# Can you identify this OPI orange polish? RO for pics...



## lizsybarite (Apr 12, 2008)

I've been meaning to swatch and photograph this color for awhile because I *love* it but it came without a label via a swap. Any guesses? These are very true to color! It's a shimmery medium orange with some gold tones to it, but the shimmer doesn't really contrast with the rest of the polish. It kind of reminds me of MAC eyeshadows: Orange Tangent or maybe Fab & Flashy. It's so pretty, augh!

I also swatched my other orange-ish colors by way of comparison. Enjoy!

















Here it is vs. some other oranges (the mystery shade is on my thumb)...
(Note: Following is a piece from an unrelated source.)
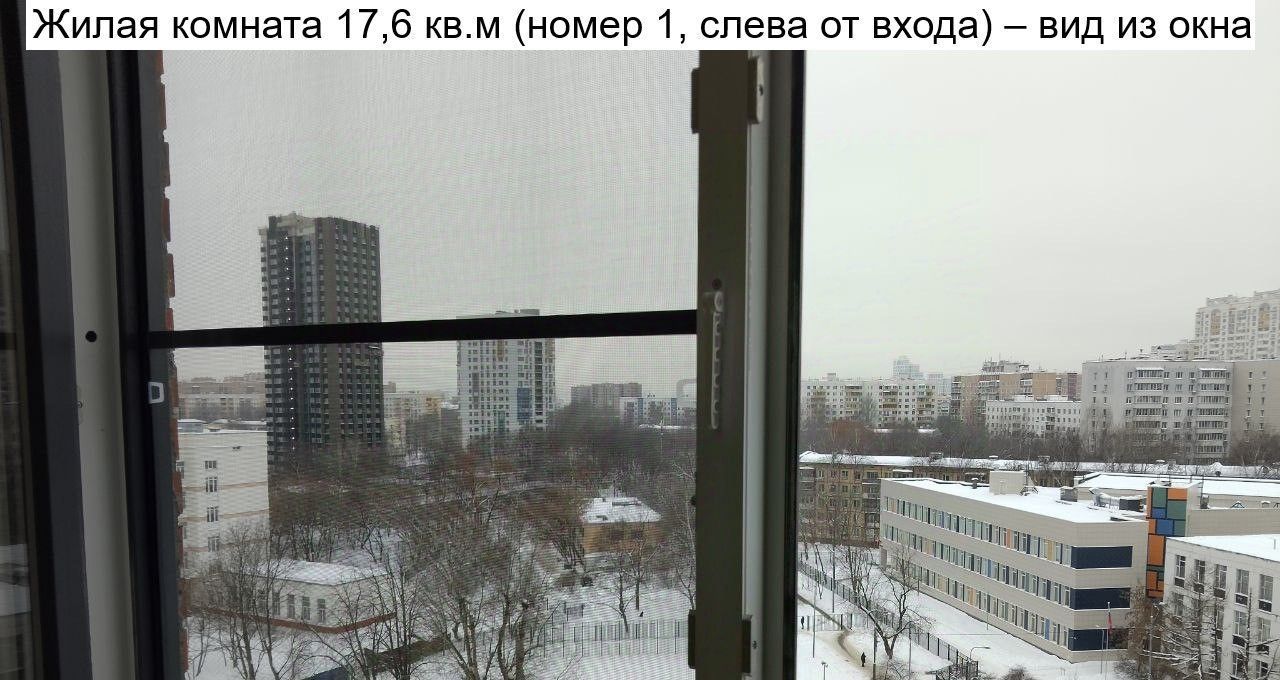 Окна комнаты слева выходят на запад (школа, спортивная площадка; 180 метров до подлежащей сносу 5-этажки - на её месте планируется спортивная площадка и озеленение).

Left to right: OPI Sonata in Bronze, Nina Ultra Pro (from Sally's) Evening Sun, MAC Lola Devine, OPI Lighten Up, You're Two Pense!






Thank you so much!!!


----------



## knoxydoll (Apr 12, 2008)

It's a pretty colour but I can't help.


----------



## meganrose55 (Apr 12, 2008)

I think it is a discontinued color. I picked a couple up last year at a closeout sale that looked identical but I don't recall the name. Sorry!!


----------



## purrtykitty (Apr 12, 2008)

Tangerini Bikini or 18K Ginza Gold, leaning more toward 18K Ginza Gold.


----------